Кое-как доскакал до автомата, который оставался в палатке. Думаю: конец, сейчас пристрелят. Но выхода нет, надо взять и срезать их из автомата, чтобы они меня испугались, убить столько, сколько смогу. Взял автомат, сижу. Смотрю - Бессак идет с флажком к ним. Я думаю: если его пристрелят, значит, нечего больше ждать, пристрелят и меня. Но они его стрелять не стали. На колени поставили, руки завязали назад и повели к себе. И я подумал, что спасенье еще есть.

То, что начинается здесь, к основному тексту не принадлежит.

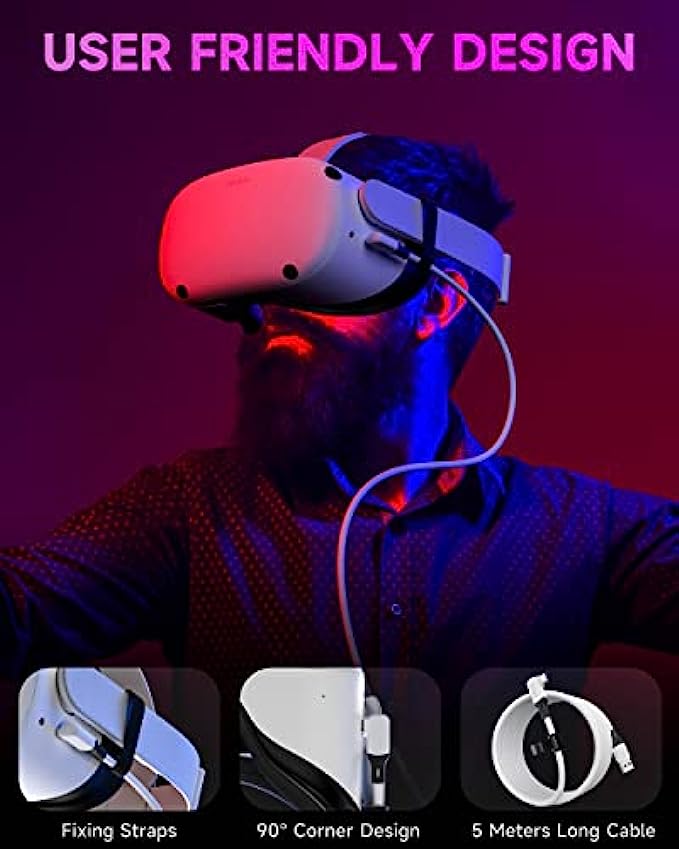 • ➤ Flexible and Comfortable : This 16ft quest 2 link cable gives you enough freedom of movement without being restricted while immersed in the VR world. The 90-degree USB C port conforms to the design of the quest 2 headset, makes you more stable and not easily damaged when playing. The attached Velcro strap fixes the cable and Quest to prevent disconnection during movement.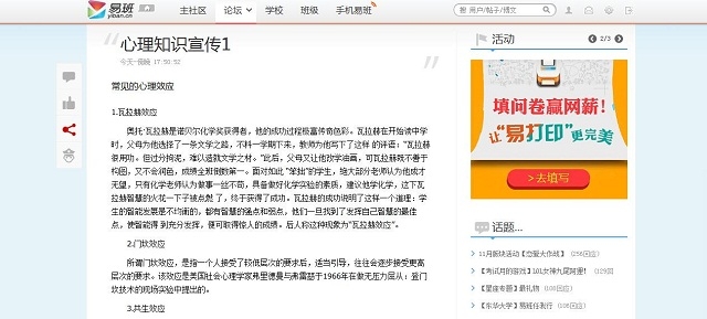 为了宣传大学生心理知识,预防大学生心理问题,11月25日晚开始交运澳门葡京娱乐 于易班平台上开展了首期日常心理知识宣传活动,本次活动覆盖交运澳门葡京娱乐 所有大一新生。

Потом за мной пришли - спросили пистолет, я им дал, показал, как стрелять. Остальное имущество разграбили. Получается, нас перебили, а никто из нашей группы даже не выстрелил. Нога моя вся распухла, и крови вышло много.
Повезли меня и Бессака на верблюдах. Проехали километров 20, остановились. Фрэнк мне перевязку сделал, ругался, что лекарств нет. Я по-английски тогда говорил слабо - Маккирнан-то понимал по-русски, но его убили. А с Бессаком мы на таком недостаточном языке говорили - китайский, английский, русский. Скоро приехали в тибетский аул. Не такой, как казахский: у казахов юрты, а здесь - палатки, вроде типи. Покрыты кошмой, верх открыт, еду варят в казане. Одна типи - дверьми ко мне. Я смотрю - там женщина, костер веселый горит, чайник стоит. Я туда подскакал на одной ноге. У нас были валенки, которые в Сибири называют пимы. Мой пим, где пуля прошла, из белого сделался красный, и весь кровью насытился. Думаю: даст ли мне эта женщина нож? Спросил, и она дала - я пим потихоньку разрезал и снял. Спать нас положили на улице. Не успели уснуть - вдруг взрыв! Это охранник нашел в багаже наши гранаты, начал играть и выдернул предохранитель. Он испугался и бросил, но, слава богу, не в нашу сторону, не разорвал никого.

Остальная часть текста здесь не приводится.